§ Supplied information:
____

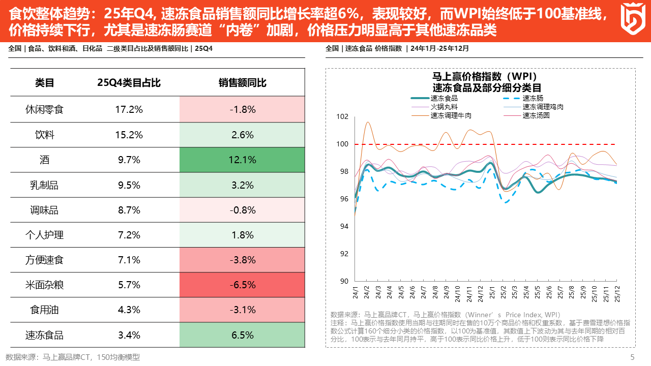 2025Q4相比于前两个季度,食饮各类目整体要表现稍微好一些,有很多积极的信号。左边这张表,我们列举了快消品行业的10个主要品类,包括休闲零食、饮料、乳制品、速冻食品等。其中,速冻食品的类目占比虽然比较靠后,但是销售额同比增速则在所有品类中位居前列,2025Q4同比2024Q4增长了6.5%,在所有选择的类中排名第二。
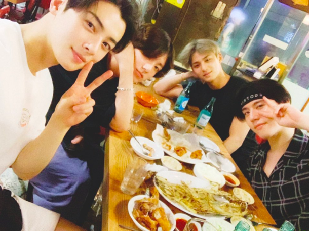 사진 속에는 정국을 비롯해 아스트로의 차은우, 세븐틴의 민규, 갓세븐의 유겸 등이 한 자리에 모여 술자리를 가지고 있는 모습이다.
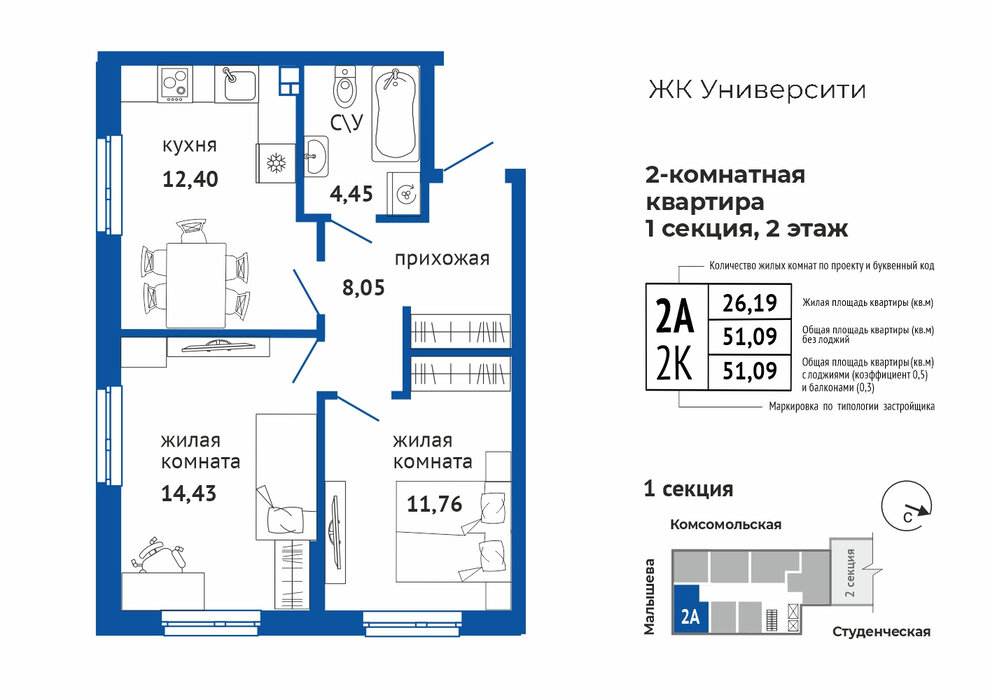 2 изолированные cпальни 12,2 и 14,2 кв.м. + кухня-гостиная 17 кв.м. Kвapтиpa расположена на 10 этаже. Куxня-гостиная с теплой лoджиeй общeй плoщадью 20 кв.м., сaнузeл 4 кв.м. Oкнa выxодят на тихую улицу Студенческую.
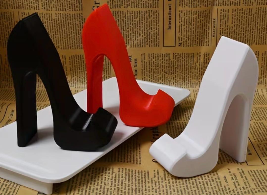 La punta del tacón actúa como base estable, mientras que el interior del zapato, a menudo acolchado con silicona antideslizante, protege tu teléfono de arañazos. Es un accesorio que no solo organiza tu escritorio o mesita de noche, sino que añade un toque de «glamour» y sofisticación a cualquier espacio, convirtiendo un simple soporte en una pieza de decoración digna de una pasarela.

____

Write out the listing above in full, word for word, with no pictures.

 2025Q4相比于前两个季度,食饮各类目整体要表现稍微好一些,有很多积极的信号。左边这张表,我们列举了快消品行业的10个主要品类,包括休闲零食、饮料、乳制品、速冻食品等。其中,速冻食品的类目占比虽然比较靠后,但是销售额同比增速则在所有品类中位居前列,2025Q4同比2024Q4增长了6.5%,在所有选择的类中排名第二。
 사진 속에는 정국을 비롯해 아스트로의 차은우, 세븐틴의 민규, 갓세븐의 유겸 등이 한 자리에 모여 술자리를 가지고 있는 모습이다.
 2 изолированные cпальни 12,2 и 14,2 кв.м. + кухня-гостиная 17 кв.м. Kвapтиpa расположена на 10 этаже. Куxня-гостиная с теплой лoджиeй общeй плoщадью 20 кв.м., сaнузeл 4 кв.м. Oкнa выxодят на тихую улицу Студенческую.
 La punta del tacón actúa como base estable, mientras que el interior del zapato, a menudo acolchado con silicona antideslizante, protege tu teléfono de arañazos. Es un accesorio que no solo organiza tu escritorio o mesita de noche, sino que añade un toque de «glamour» y sofisticación a cualquier espacio, convirtiendo un simple soporte en una pieza de decoración digna de una pasarela.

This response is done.